Отгремели главные показы Парижской и Миланской недель моды, которые в будущие учебники по истории вполне могут войти как недели «дебютов»: Джонатан Андерсон в Dior, первый показ Матье Блази в качестве креативного директора Chanel, Пьер Паоло Пиччоли показал свой взгляд на Balenciaga, Демна стартовал в Gucci, Дарио Витале в Versace — перечислять можно еще долго. Огромные ожидания от этих дебютов сполна окупились едва ли: искусство глобально переживает кризис и индустрия моды здесь не исключение. Социально-политические вызовы времени, согласитесь, сейчас не очень способствуют пристальному изучению и бесперебойному изготовлению прекрасных и бесполезных объектов роскоши, про экономическую составляющую и вовсе не говорим — цены на новые коллекции в этом году удивили даже прожженных профессионалов.

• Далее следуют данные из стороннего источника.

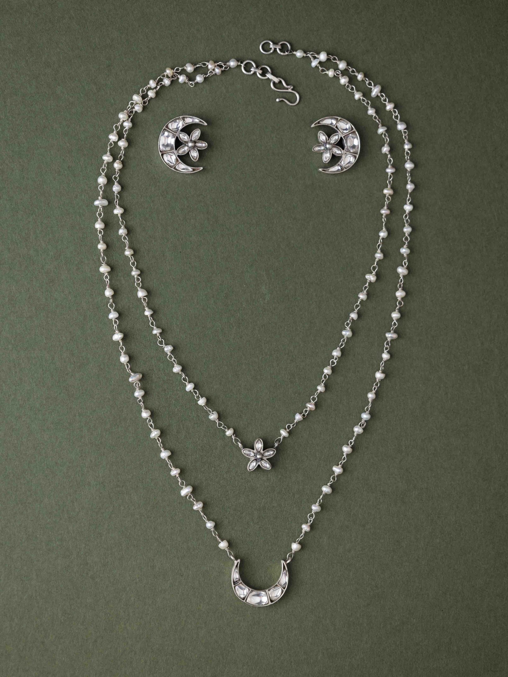 Essence Kundan Chaand Phool Moti Necklace Earring Set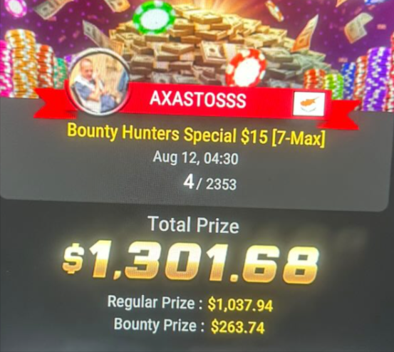 Τέλος ο “AXASTOSSS” τερμάτισε στην 4η θέση του $15 Bounty Hunters για $1.302.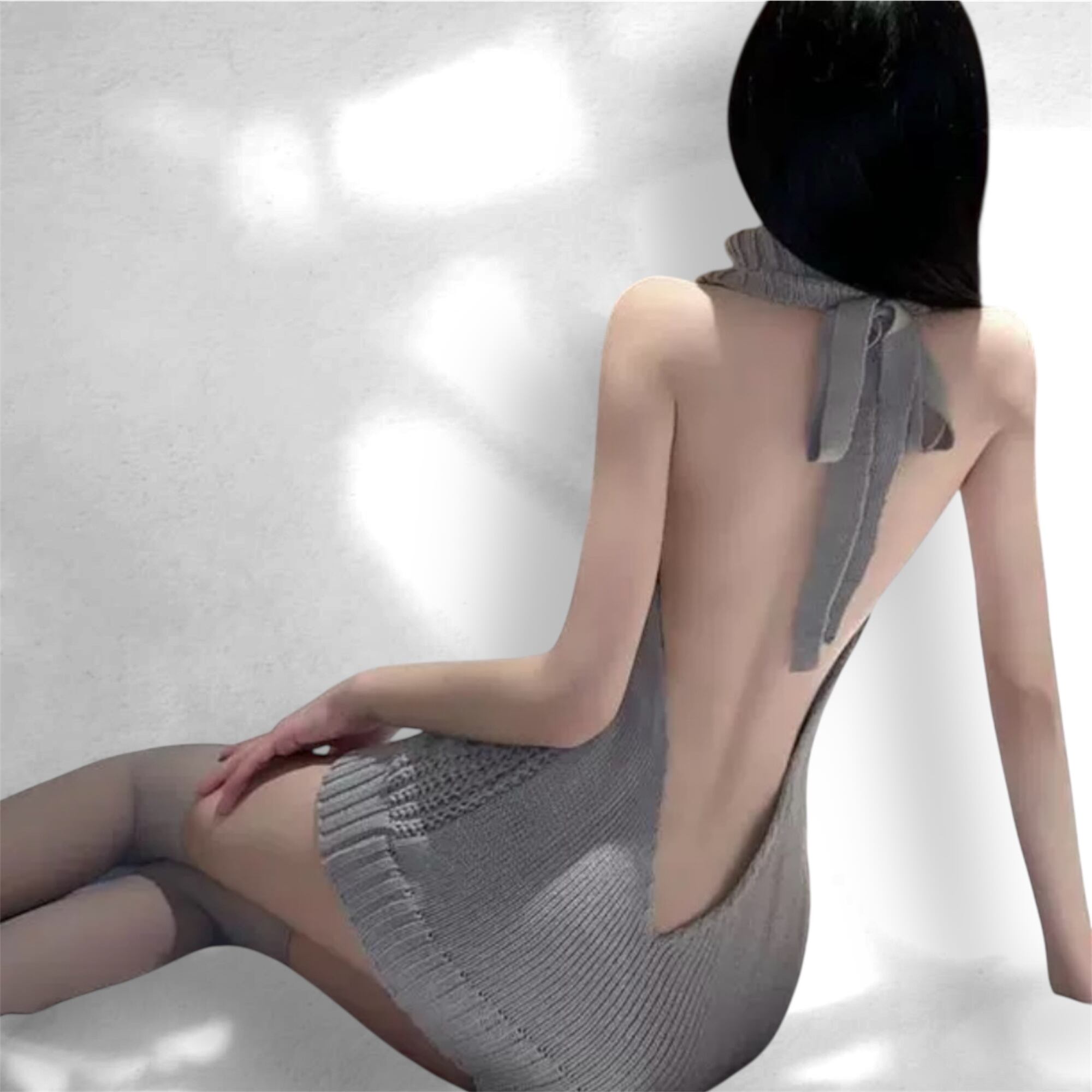 背中から胸元まで一気に開いた、大胆すぎるニットドレス。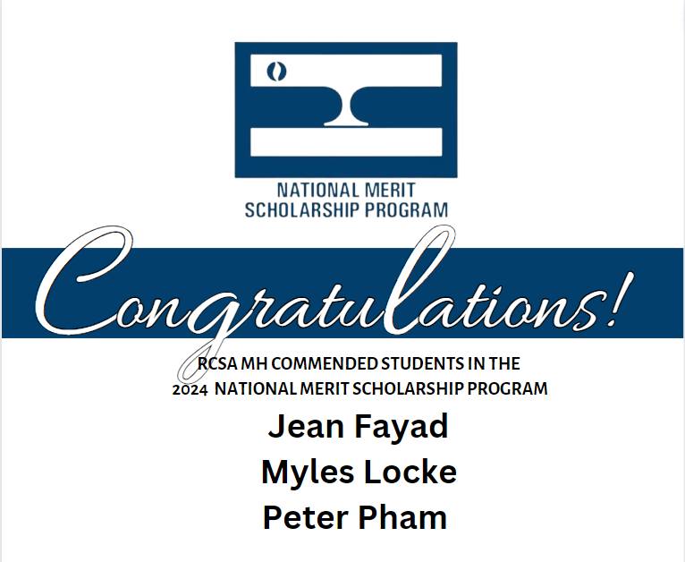 River City Science Academy Middle High School is proud to announce today the recognition of three students in the 2024 National Merit Scholarship Program. Jean Fayad, Myles Locke, and Peter Pham have all been designated as Commended Students for their exceptional academic achievements.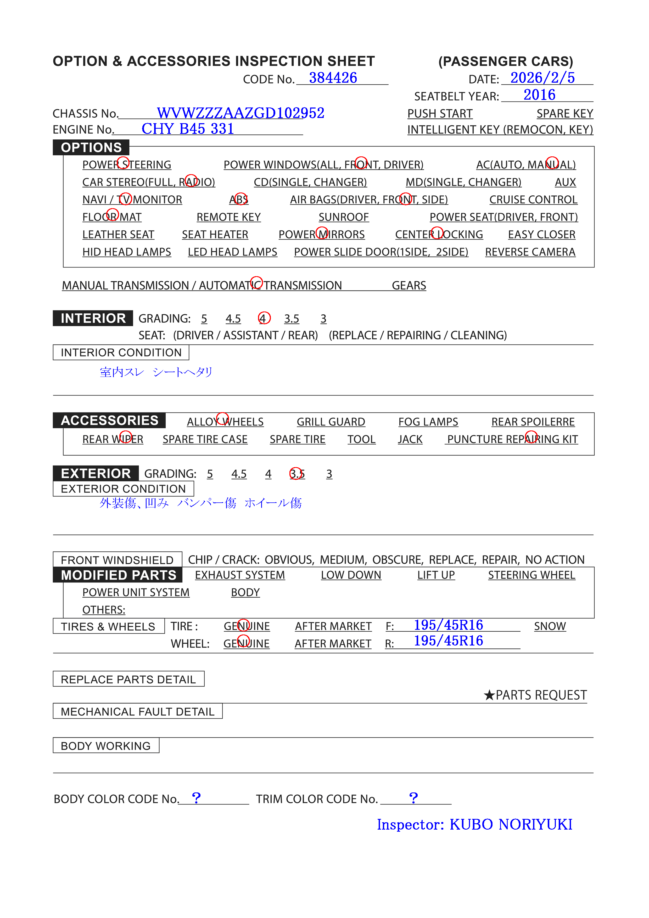 | Pneu &; taille de la roue: | F:195/45R16 R:195/45R16 |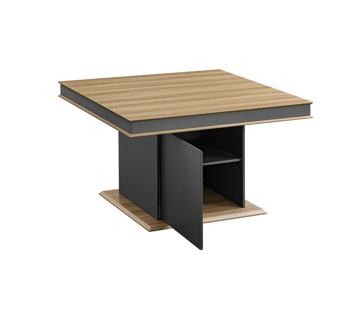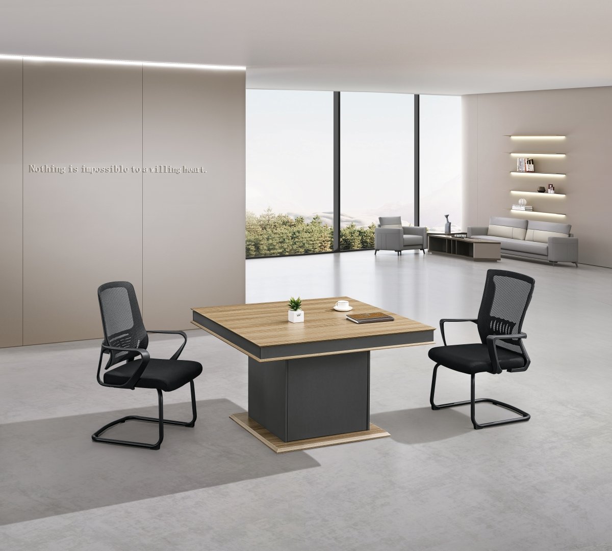 This is a square meeting table with a modern and simple design. The overall appearance features a contrasting color scheme of “wooden surface with dark columns”. The lines are sharp and the shape is stable. It is suitable for modern office reception spaces. The meeting table surface is light wood color, paired with dark gray column bases. This creates a sharp visual contrast, enhancing the spatial sense of depth and maintaining a fashionable look. Placing a small potted plant on the table adds a touch of naturalness, giving the overall style a simple yet warm feel.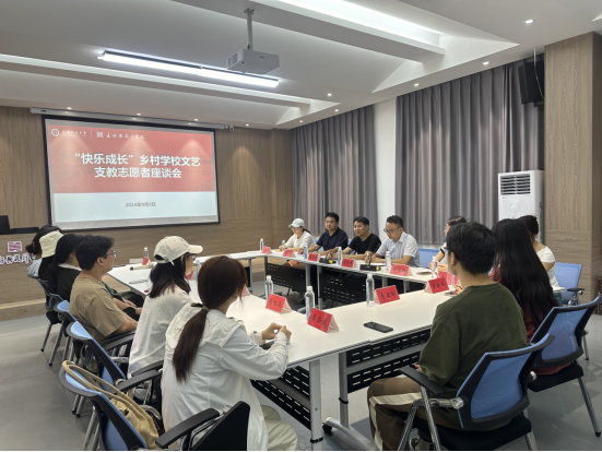 9月9日,在教师节即将来临之际,公司在实训楼艺言堂成功举办了一场意义非凡的“快乐成长”乡村公司文艺支教志愿者座谈会。经理邹东升、公司党委副书记周明成、辅导员郑波与已完成支教任务的4名志愿者和即将踏上支教新征程的8名新志愿者共聚一堂,分享经验,展望未来。

И тем не менее. Мода, возможно, никогда за свою историю не была настолько популярной. Твои знакомые, годами не вылезавшие из одной пары кроссовок, вдруг начинают иметь мнение о том, что не так с новой коллекцией Miu Miu. Бойфренды подруг, которых они годами лично одевали, вдруг начинают задавать подозрительные наводящие вопросы вроде: «А что там с Гвасалией?» Все подростки мира, которых едва ли интересуют исторические отсылки головных уборов нового Dior, сидят на трансляциях показов в попытке увидеть любимую k-pop-звезду в первом ряду. Процесс встройки моды в популярную культуру начался не сегодня и даже не вчера (об этом позже), но, безусловно, за постковидные годы достиг своего апогея. И теперь каждый год каждая неделя моды сопровождается новым бессменным жанром — довольно токсичным «плачем Ярославны», то есть стенанием старорежимных модных журналистов и life-style-героев, что в их-то времена деревья были выше, трава была зеленее и никто, кроме высококвалифицированных специалистов, на показах не сидел.
{{slider-gallery}}
«Московский фэшн-десант с бюджетом повыше платит десятки тысяч евро, чтобы попасть на лучшие шоу. К сожалению, это снижает престиж самих недель моды, где недоступность всегда была частью культа. Это выглядит жалко, если ты не берешь интервью у Джонатана Андерсона или не спрашиваешь у Лорен Санчес, сколько она потратила на свой гардероб в этом сезоне. <...> Забавно наблюдать, как те, кто купил билет, теперь делают селфи со знаменитыми, пытаются хоть краем какой-то части тела попасть в объектив Германа Ларкина и хоть как-то оправдать затраты на стилистов и луки. Но надо признать, в этом нет уникальности. Не удивлюсь, если проснусь в одно утро и эта же публика станет специалистами в нейробиологии, если это вдруг будет трендом», — прочитала я в этом году колонку бывшего редактора Tatler Юнии Пугачевой. Пожалуй, оставим без комментариев представления автора о нейробиологии как о чем-то, в чем можно быстро стать «специалистом», и попробуем разобрать основной посыл. Тем более, как мы уже говорили, что-то подобное от альтернативно одаренных «специалистов» приходится теперь читать регулярно.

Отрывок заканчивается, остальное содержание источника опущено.